● **Task item**:
Taking the line with "x, y:seeFig.1 |" as the first, copy every line through the end of the records below exactly. Do not include pictures.

● **Available records**:

•••••

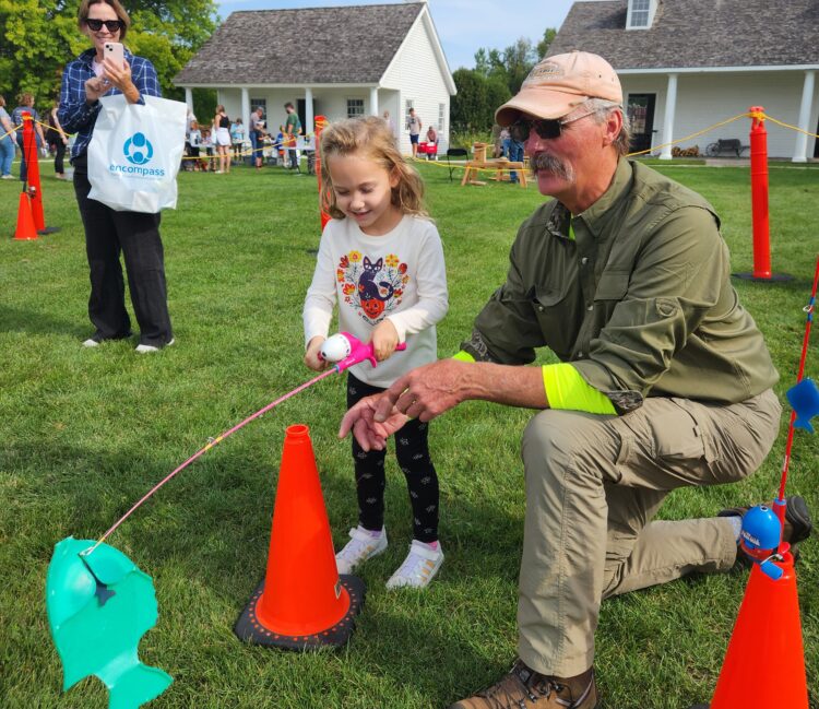 Learn 2 Fish With Us and our volunteers educated youth on vital skills needed to begin fishing during The Big Event, which was held Saturday, September 16th at Heritage Hills State Park in Green Bay, Wisconsin. The Big Event is a fundraiser for Encompass, which as programs to promote a healthy body and healthy mind for young children. Learn 2 Fish With Us believes that fishing promotes a promote a healthy body and healthy mind for all!! Captain Greg Karch and his crew taught youth how to cast safely and accurately, fish identification and how to tie a Clinch and Palomar knot in Learn 2 Fish With Us fishing education booth. All skills that are so vital when fishing as a family. You should of seen and heard the excitement when a youth would catch a Backyard Bass!! We had over five hundred people that entered the fishing educational booth.
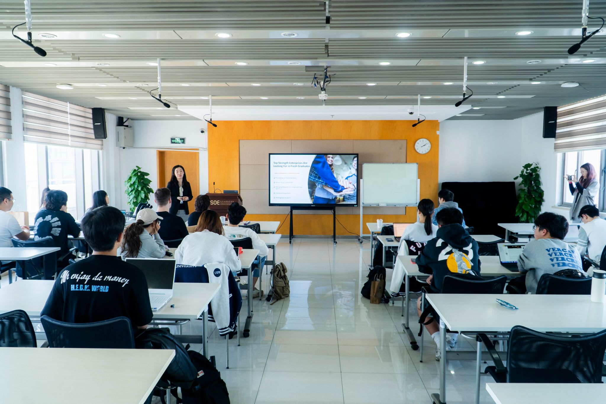 2024年3月29日爆料网 国际合作办邀请到:星展银行(中国)有限公司人力资源部高级副总裁Fanny,托克(中国)人力资源总监William,复旦-杜伦DBA学员资深人力资源专家Rola,吉博力(上海)投资有限公司 亚太人力资源负责人Cher以及上海益持科技有限公司总经理助理Sara。为同学们开展了一场关于简历优化、面试技巧以及职业规划的讲...
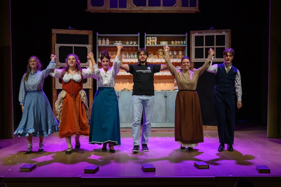 La compagnia pugliese metterà in scena “Che pasticcio Mrs Peach”, scritto e diretto da Alessandeo Iacovelli. La commedia musicale in due atti è ambientata nei primi anni del Novecento in un piccolo villaggio di una contea nel sud dell’Inghilterra, dove una bottega tiene alto il buon nome dell’arte pasticcera. Ma dietro torte deliziose e biscotti fragranti si nasconde una commedia fatta di intrighi e desideri. La morte inaspettata di Sir. Martin, fondatore della dolce bottega, lascia la pasticceria senza eredi e il timone passa nelle mani della rigida governante Mrs. Peach. Mentre domestici e dipendenti si destreggiano tra le richieste e gli umori della nuova direttrice, l’arrivo di una lettera inaspettata agita le acque e, mentre il profumo di cannella si diffonde nell'aria, i personaggi si intrecciano in un vortice di colpi di scena. Tra spolverate di zucchero a velo e aromi caramellati, l’amaro destino della pasticceria di Bibury è appeso a un filo... sarà il dolce potere dell'amore a deciderne le sorti? Sul palco gli attori cantanti: Eleonora Capobianco, Chiara Falagario,Teresiana Santamaria, Sara Mosca, Serena Tomasicchio, Giamarco Volza e con la partecipazione di Pietro Galetta ed Ernesto Marletta “Che pasticcio Mrs Peach” è l’ultimo spettacolo in concorso nella Rassegna Ascolinscena, i cui premi sono assegnati da una giuria e dal pubblico abbonato. Come consuetudine della Rassegna Ascolinscena – organizzata da DonAttori, Li Freciute e la Compagnia dei Folli – dopo lo spettacoli il pubblico è invitato alla degustazione di vino e struzzichini offerti dal supermercato Tigre di Villa Pigna. L’appuntamento è per sabato 7 febbraio alle ore 21:00 per uno spettacolo ricco di colpi di scena, insospettate complicità e un tocco di noir a condire la trama che stupirà con un finale inaspettato. Un lavoro corale, dal ritmo scorrevole, sorretto dalla buona presenza scenica della compagnia tutta e molto convincenti negli interventi vocali d’insieme, intercalati da duetti e assoli. Biglietti ancora disponibili presso il PalaFolli Teatro oppure on-line su www.palafolli.it (costo € 13,00) Info www.palafolli.it – 0736 35 22 11
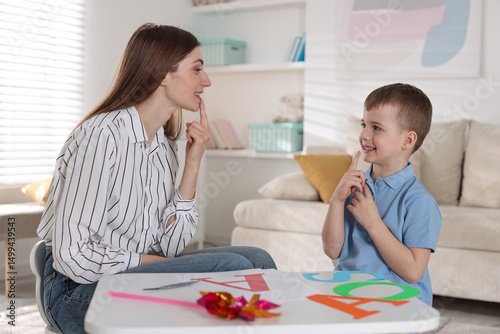 Speech therapist working with little boy indoors
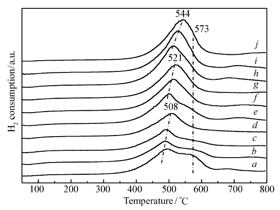 | 图3 不同Ce掺杂量TiO2负载V2O5后 yV/ xCe-TiO2催化剂的H2-TPR表征曲线Fig.3 H2-TPR profiles of the TiO2/ xCe- yV2O5 catalyst samples with different Ce and V2O5 contents a.5V/ TiO2; b.5V/1Ce-TiO2; c.5V/3Ce-TiO2; d.5V/5Ce-TiO2; e.10V/1Ce-TiO2; f.10V/3Ce-TiO2; g.10V/5Ce-TiO2; h.15V/1Ce-TiO2; i.15V/3Ce-TiO2; j.15V/5Ce-TiO2 x, y:seeFig.1 |
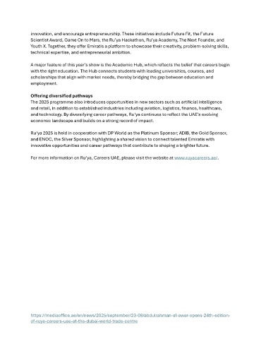 and technology. By diversifying career pathways, Ru’ya continues to reflect the UAE’s evolving
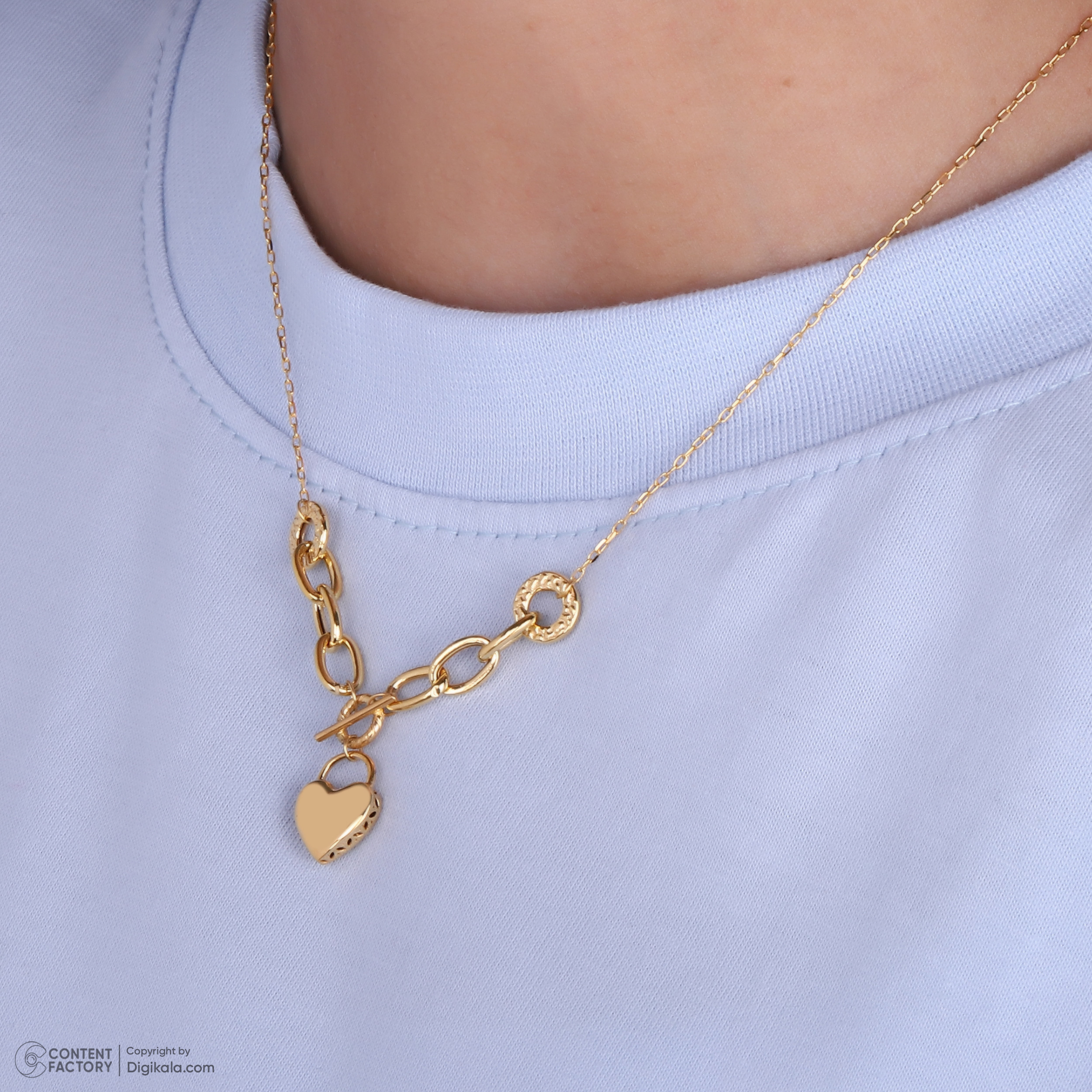 - نوع گردنبند طلای دست اول کم اجرت زنانهزنجیر و پلاک متصل
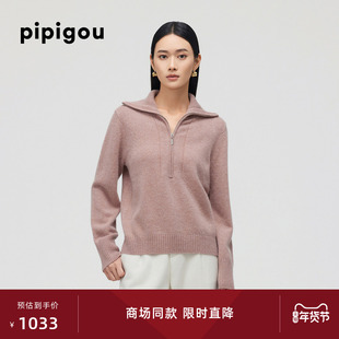 帕罗极简风立领拉链针织开衫女

•••••

● **Expected answer**:
 | 图3 不同Ce掺杂量TiO2负载V2O5后 yV/ xCe-TiO2催化剂的H2-TPR表征曲线Fig.3 H2-TPR profiles of the TiO2/ xCe- yV2O5 catalyst samples with different Ce and V2O5 contents a.5V/ TiO2; b.5V/1Ce-TiO2; c.5V/3Ce-TiO2; d.5V/5Ce-TiO2; e.10V/1Ce-TiO2; f.10V/3Ce-TiO2; g.10V/5Ce-TiO2; h.15V/1Ce-TiO2; i.15V/3Ce-TiO2; j.15V/5Ce-TiO2 x, y:seeFig.1 |
 and technology. By diversifying career pathways, Ru’ya continues to reflect the UAE’s evolving
 - نوع گردنبند طلای دست اول کم اجرت زنانهزنجیر و پلاک متصل
 帕罗极简风立领拉链针织开衫女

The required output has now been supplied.